Data shown:
• • • • •

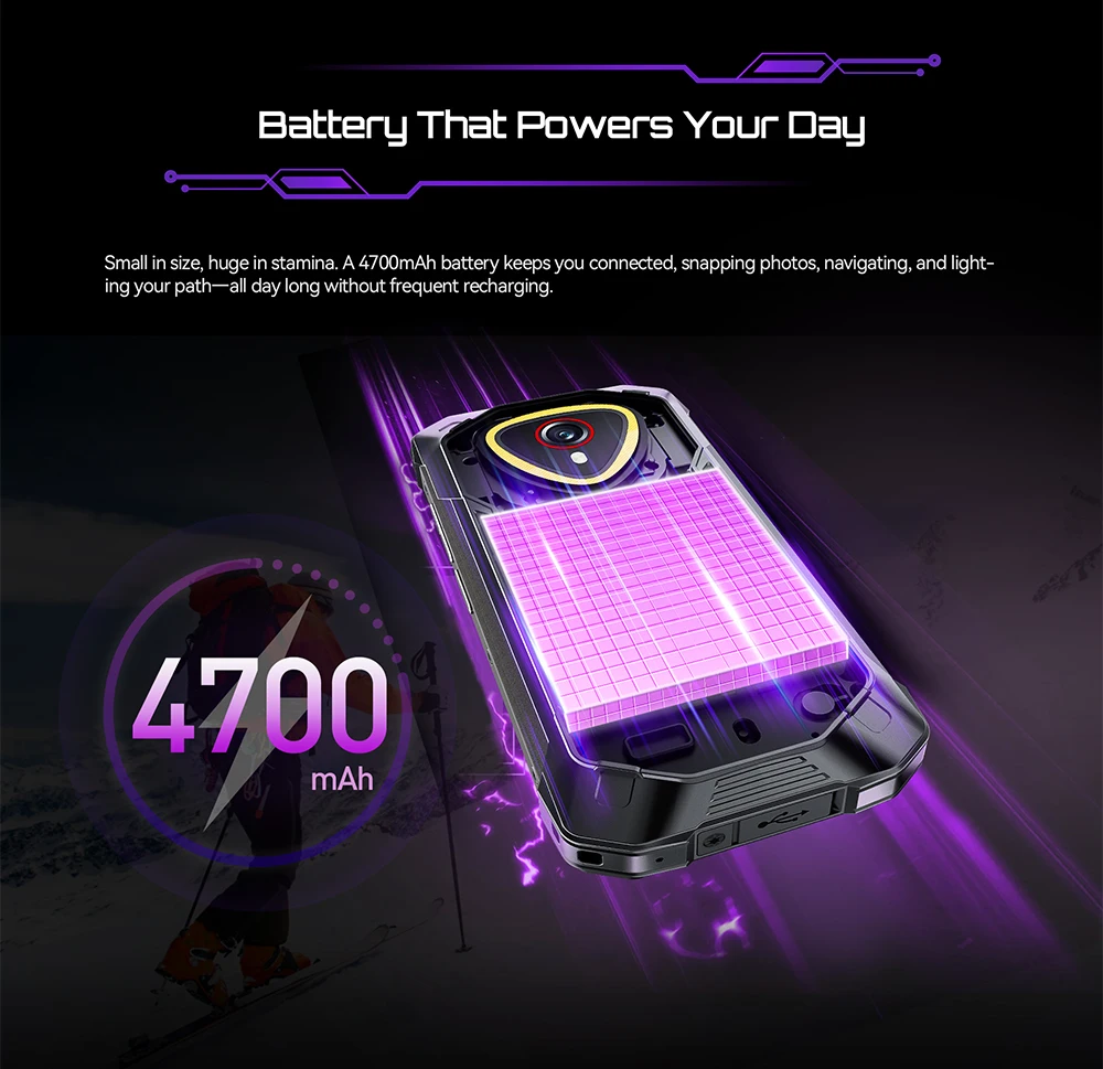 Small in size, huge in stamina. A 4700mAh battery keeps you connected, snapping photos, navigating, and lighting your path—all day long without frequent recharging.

• • • • •

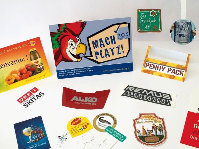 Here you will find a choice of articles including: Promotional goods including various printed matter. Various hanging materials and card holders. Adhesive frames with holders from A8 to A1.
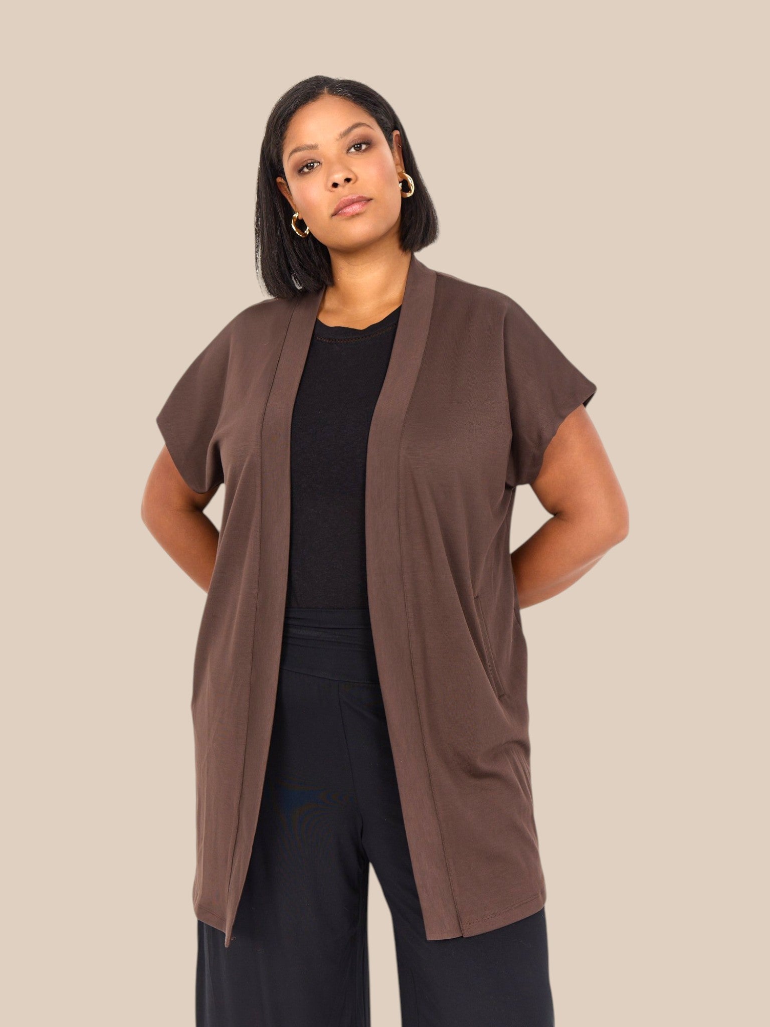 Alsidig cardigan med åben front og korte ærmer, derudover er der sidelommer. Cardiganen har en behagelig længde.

• • • • •

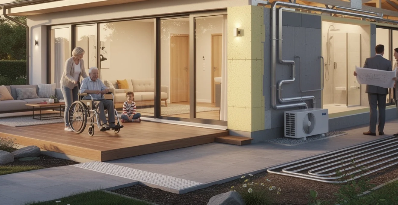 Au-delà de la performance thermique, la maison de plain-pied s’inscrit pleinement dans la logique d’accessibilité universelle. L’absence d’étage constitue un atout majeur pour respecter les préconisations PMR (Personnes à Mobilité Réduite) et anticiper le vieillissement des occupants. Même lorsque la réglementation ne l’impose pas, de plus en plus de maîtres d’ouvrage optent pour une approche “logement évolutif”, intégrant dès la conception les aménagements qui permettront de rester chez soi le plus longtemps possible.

• • • • •

Problem to solve:
Pictures aside, print exactly the lines above starting with the one containing "Here you will" and going on through the one containing "Alsidig cardigan med".

Expected answer:
 Here you will find a choice of articles including: Promotional goods including various printed matter. Various hanging materials and card holders. Adhesive frames with holders from A8 to A1.
 Alsidig cardigan med åben front og korte ærmer, derudover er der sidelommer. Cardiganen har en behagelig længde.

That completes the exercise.